Attempting to tell life from the point of view of women in a changing world, the show stirred controversy when the 90-minute opener had the first "nude" scene on American network television (the nudity was only implied, as both of the bodies were under bedsheets) between Larry Kirby and his mistress, Sandra. Larry and his wife Chris (Jennifer Harmon) soon divorced and while battling for custody of their daughter Lori, Chris entered the workforce. On Valentine's Day 1975, Chris and Larry remarried, and she then battled alcoholism.
Initially, the show starred veteran soap actress Rosemary Prinz in the role of Dr. Julie Franklin, a staunch feminist who counseled her friends on the joys of being an independent woman, only to decide that her life was truly complete by marrying a man. Prinz only agreed to stay on the show for a short time (as she had with All My Children several years earlier), and earned top billing, a three-day work week, and supposedly $1,000 a week, which was a big salary for a soap actress to earn in 1974. After six months Julie left town to marry Dr.
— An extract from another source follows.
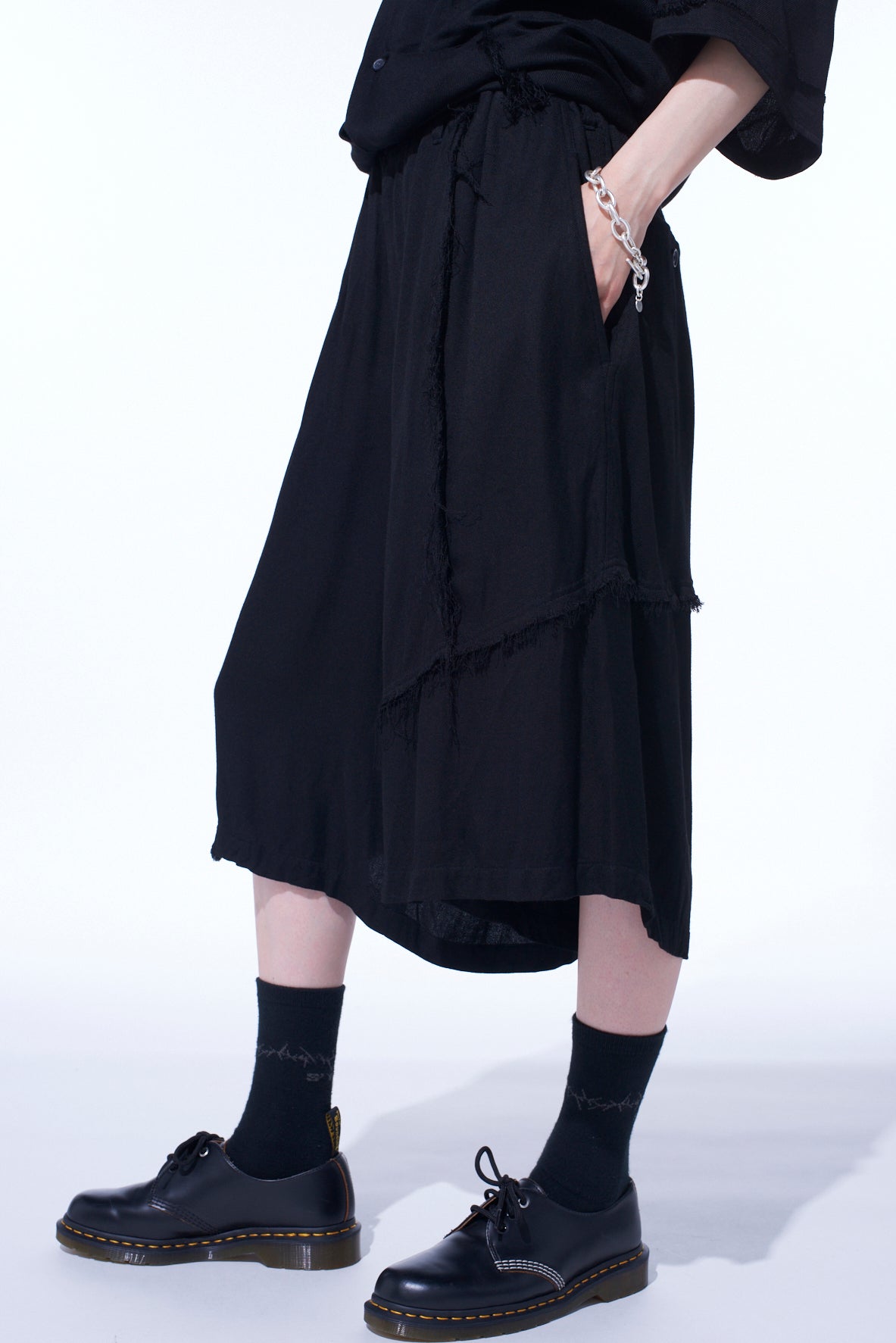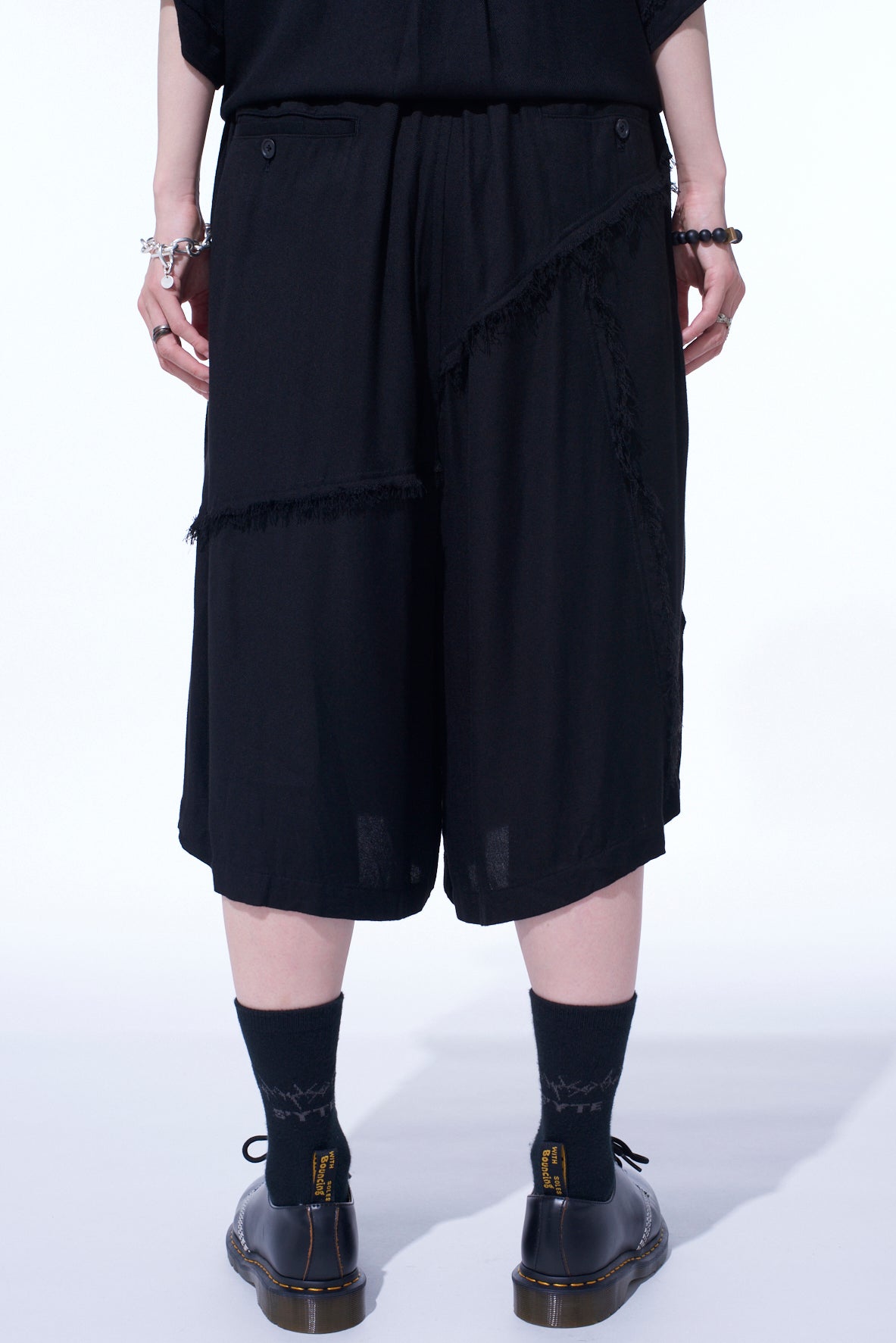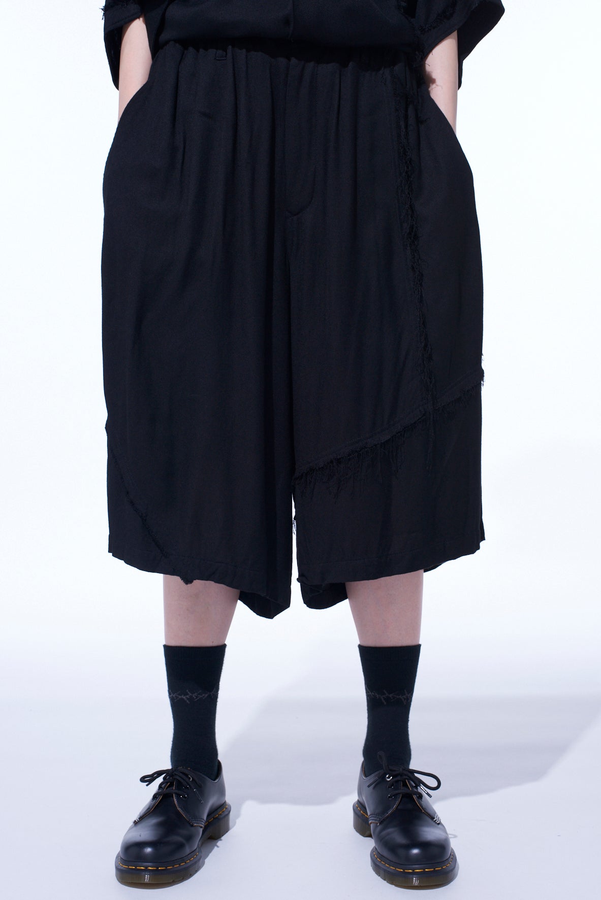 VISCOSE TWILL CUT-OFF WIDE SHORTS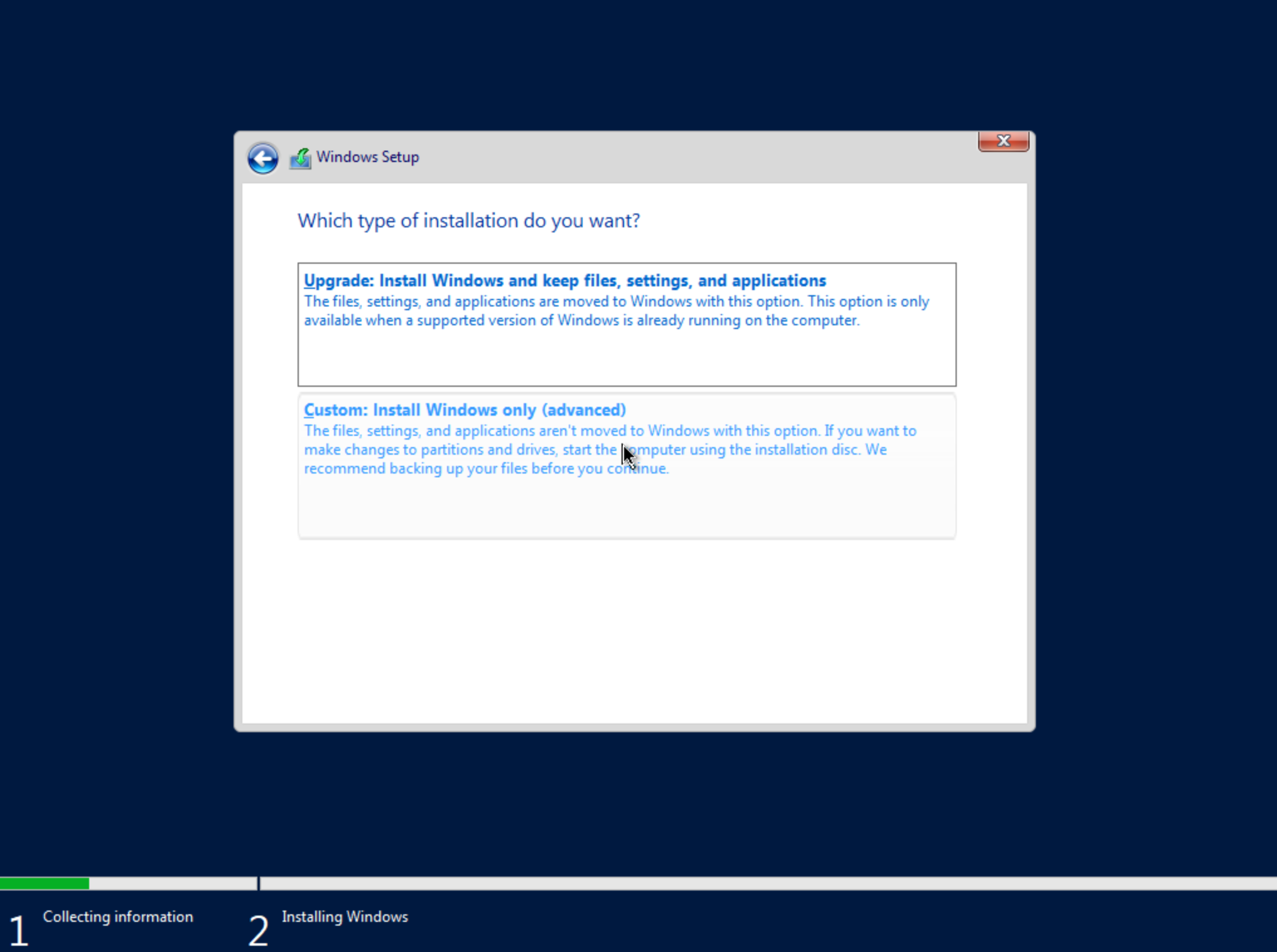 After a moment, we’re back at the screen asking where Windows should be installed. We should see the disk(s) of size and type selected at the time the VM was provisioned. Select the proper disk and click “Next.” The Windows installation will now begin. Once Windows has fully installed, proceed to the next step.

Tony DeAngelo.
Another major story centered around Fran Bachman (Fran Brill) coping with sudden widowhood. Brill received over a thousand letters of condolence from viewers.
The show did not profit from the large lead-in that the high-rated Another World provided, mostly due to its many attempts to be socially relevant, which usually took the place of traditional storytelling to which American soap viewers at the time were acclimated. How to Survive a Marriage was a distant third in the 3:30 p.m. timeslot, behind Match Game on CBS and One Life to Live on ABC, and was canceled after sixteen months on the air; a move to 1:30 p.m. on January 6, 1975 only brought worse ratings. The next Monday, Days of Our Lives expanded to an hour and assumed the vacant half-hour left in NBC's daytime schedule.
Famous alumni included Dallas star Ken Kercheval (Larry Kirby #2), Academy Award-winning actor F. Murray Abraham (Joshua Browne), film actor Armand Assante (Johnny McGhee), and the late film actor Brad Davis (Alexander Kronos).